Congedata la Perizianda, il consulente di parte attrice affermava preliminarmente che essendo

“documentata” l’avvenuta ricorrenza di un “colpo di frusta”, fosse, in ogni caso, doveroso il riconoscimento di almeno due punti di invalidità, elevabili a cinque punti se una radiografia avesse accertato la sussistenza di un quadro cervico-artrosico.

Ribatteva pacatamente il CTU che, in assenza di una documentata “sindrome a ponte” non era a suo avviso prospettabile alcun nesso causale tra l’iniziale colpo di frusta ed una sintomatologia cervicalgica, accompagnata da limitazione funzionale, che - peraltro - la P. non lamentava affatto.

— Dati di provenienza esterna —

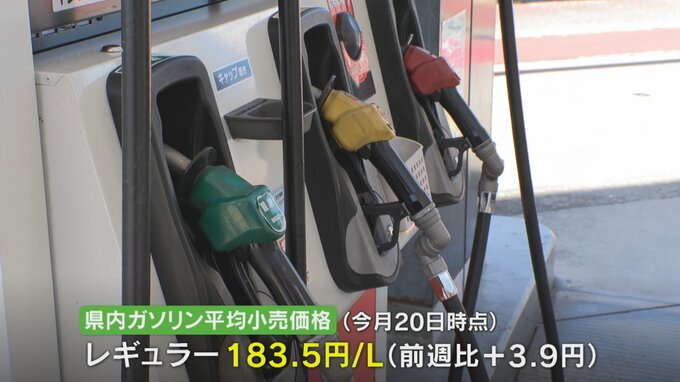 資源エネルギー庁によりますと山梨県内のレギュラーガソリンの平均小売価格は、おとといの20日時点で1リットル183.5円で前の週の179.6円より3.9円値上がりしました。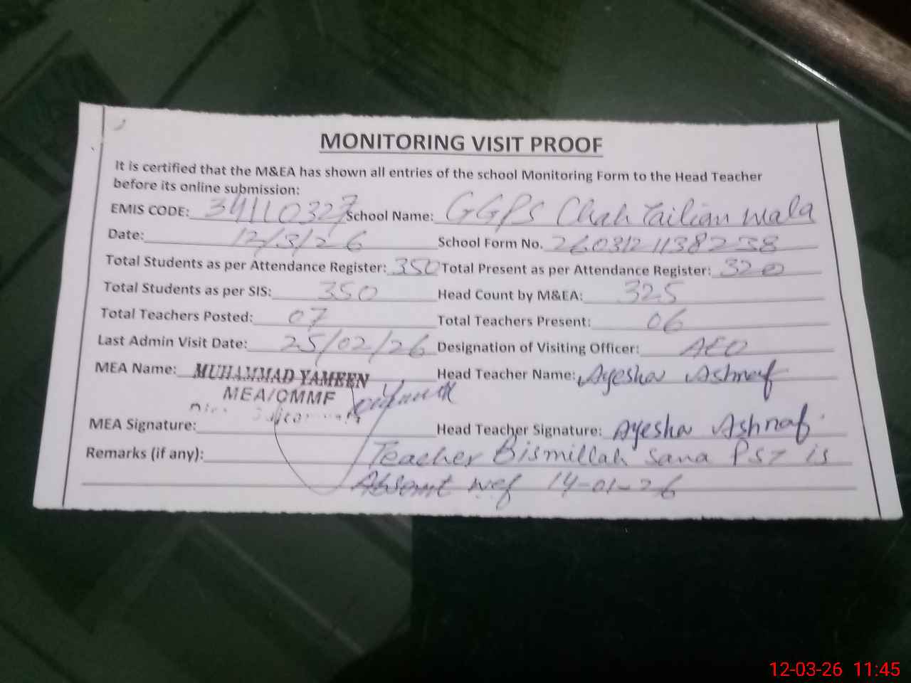 | Attendance Register | Head Teacher | MEA with School | Visit Proof |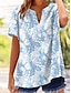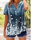 Damskie Podkoszulek Kwiaty Graficzny Rośliny Elegancki Klasyczny Krótki rękaw W serek Zwykłe topy Codzienny Niebieski Czarny Biały Pomarańczowy Lato Wiosna

Controbatteva valorosamente il consulente di parte attrice che fosse comunque indispensabile l’esecuzione di un esame audio-vestibolare, dal quale sarebbe indubbiamente emersa una ipoacusia o una disriflessia labirintica, di chiara genesi traumatica e come tale adeguatamente risarcibile.

Ritenni a quel punto doveroso esprimere il sommesso parere che la opinione espressa dal consulente di parte attrice rivestisse indubbiamente valore scientifico, ma che la rilevanza medico legale di esso era piuttosto scarsa e concludevo che - in ogni caso - avrei atteso che il CTU depositasse il proprio elaborato, per commentarne il contenuto.

Dopo qualche mese leggevo l’elaborato in questione ed apprendevo che il CTU aveva eseguito personalmente - nella sua qualità di specialista otorinolaringoiatra - un esame audio-vestibolare, risultato del tutto normale ed aveva negato la permanenza di postumi risarcibili, riconoscendo qualche giorno di “temporanea”.

Ritengo a questo punto opportuno osservare che le mie relazioni medico legali, riguardanti i tre casi innanzi riportati, non hanno provocato alcun cenno di risposta da parte della Compagnia assicuratrice e degli avvocati ai quali sono stati inviate, ma ciò è indicativo del tipo di rapporti che intercorre tra il fiduciario medico legale - che assume il ruolo di consulente di parte convenuta - e l’avvocato fiduciario della Compagnia ed i funzionari della Compagnia stessa, in quanto è purtroppo tristemente noto che tutti questi personaggi sono teoricamente alleati nella stessa battaglia, ma parlano probabilmente lingua diversa e ritengono quindi inutile discutere collegialmente le questioni che li vedono coinvolti.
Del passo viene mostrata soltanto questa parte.